Information supplied Start Marker
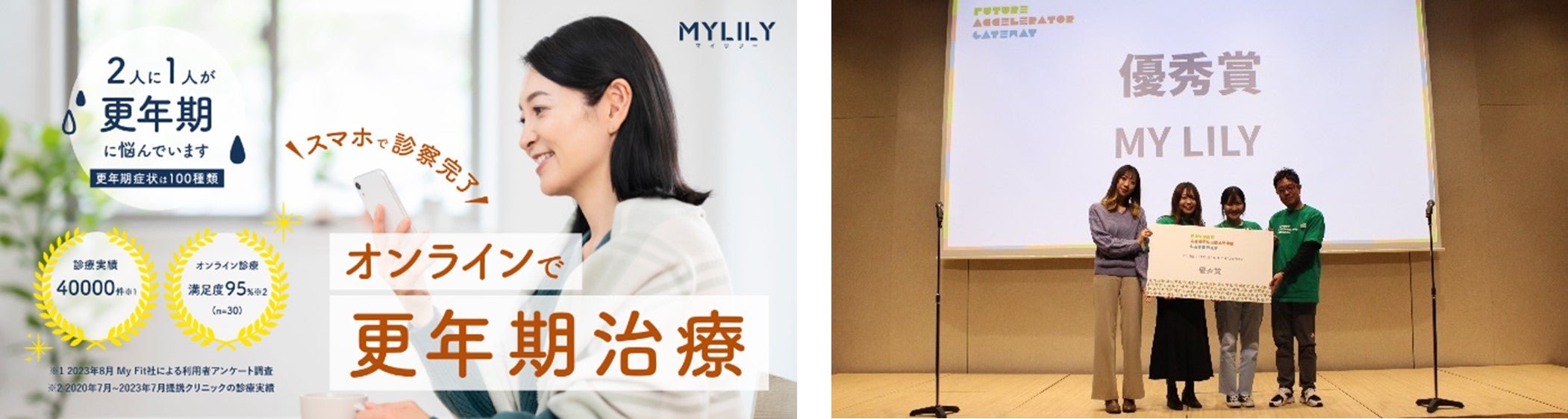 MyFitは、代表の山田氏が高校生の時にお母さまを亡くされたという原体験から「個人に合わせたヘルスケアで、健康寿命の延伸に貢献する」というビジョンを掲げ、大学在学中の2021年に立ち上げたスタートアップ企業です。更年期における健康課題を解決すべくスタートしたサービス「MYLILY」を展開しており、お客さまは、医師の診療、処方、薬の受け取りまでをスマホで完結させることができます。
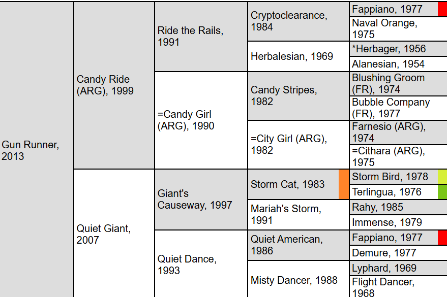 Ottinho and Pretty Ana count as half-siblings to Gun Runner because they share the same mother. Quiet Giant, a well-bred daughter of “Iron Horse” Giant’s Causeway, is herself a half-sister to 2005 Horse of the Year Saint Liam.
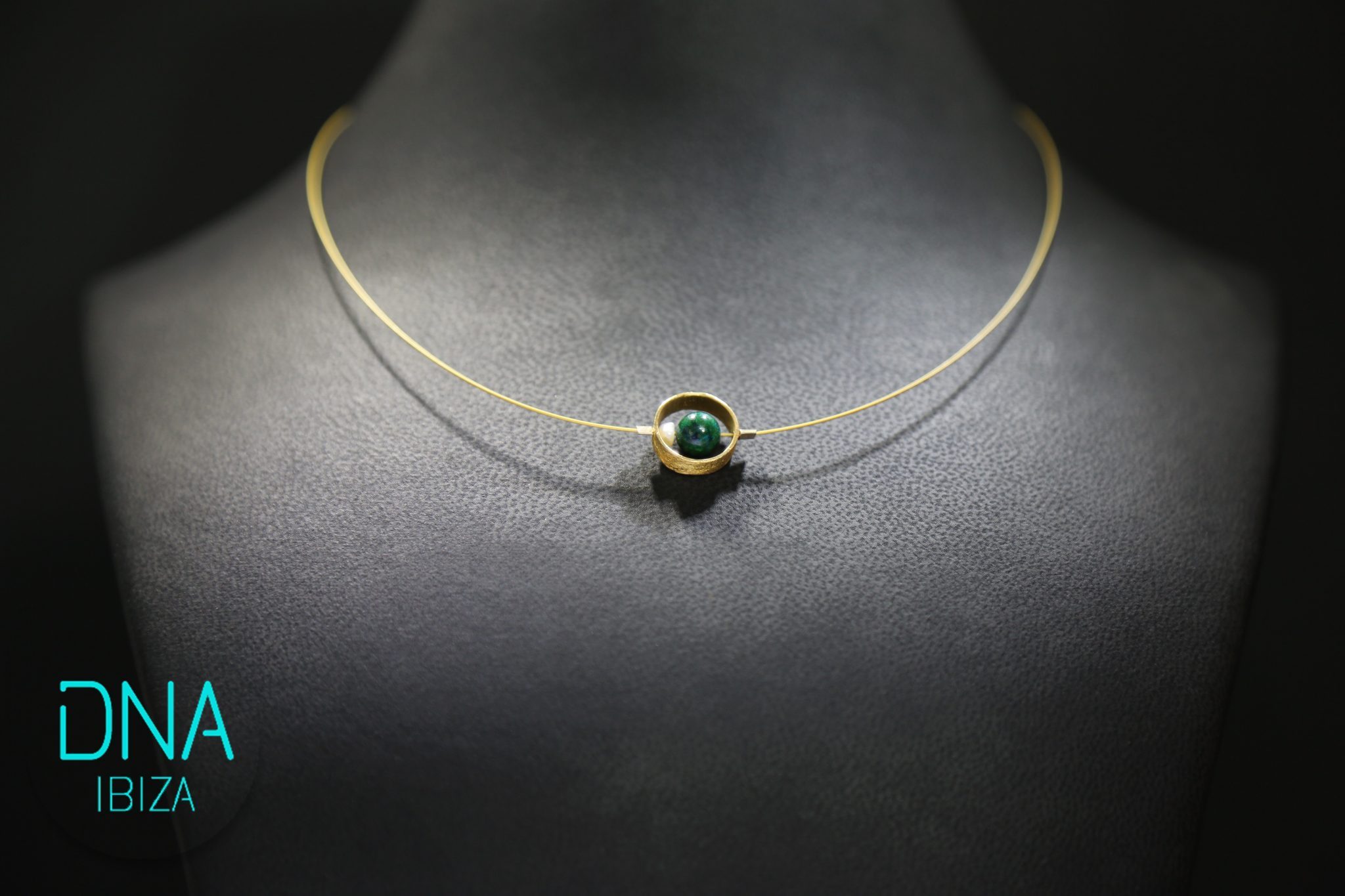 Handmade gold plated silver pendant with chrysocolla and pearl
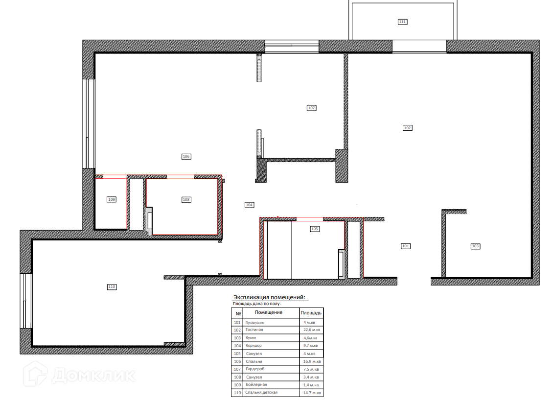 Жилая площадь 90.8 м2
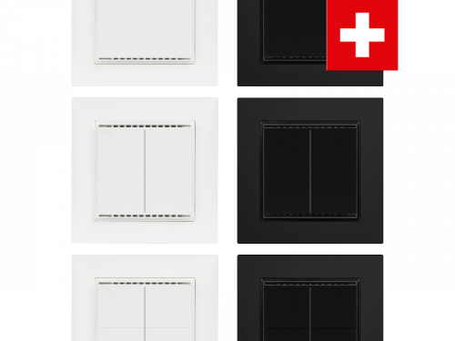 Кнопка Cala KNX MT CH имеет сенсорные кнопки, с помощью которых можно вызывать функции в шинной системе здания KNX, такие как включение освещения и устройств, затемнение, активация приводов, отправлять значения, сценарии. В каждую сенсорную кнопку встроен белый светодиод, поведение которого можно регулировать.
Information supplied End Marker
Say again, exactly, only those lines of the records that run from the start through the line with "Handmade gold plated". Pictures are to be skipped.

Output for this exercise:
 MyFitは、代表の山田氏が高校生の時にお母さまを亡くされたという原体験から「個人に合わせたヘルスケアで、健康寿命の延伸に貢献する」というビジョンを掲げ、大学在学中の2021年に立ち上げたスタートアップ企業です。更年期における健康課題を解決すべくスタートしたサービス「MYLILY」を展開しており、お客さまは、医師の診療、処方、薬の受け取りまでをスマホで完結させることができます。
 Ottinho and Pretty Ana count as half-siblings to Gun Runner because they share the same mother. Quiet Giant, a well-bred daughter of “Iron Horse” Giant’s Causeway, is herself a half-sister to 2005 Horse of the Year Saint Liam.
 Handmade gold plated silver pendant with chrysocolla and pearl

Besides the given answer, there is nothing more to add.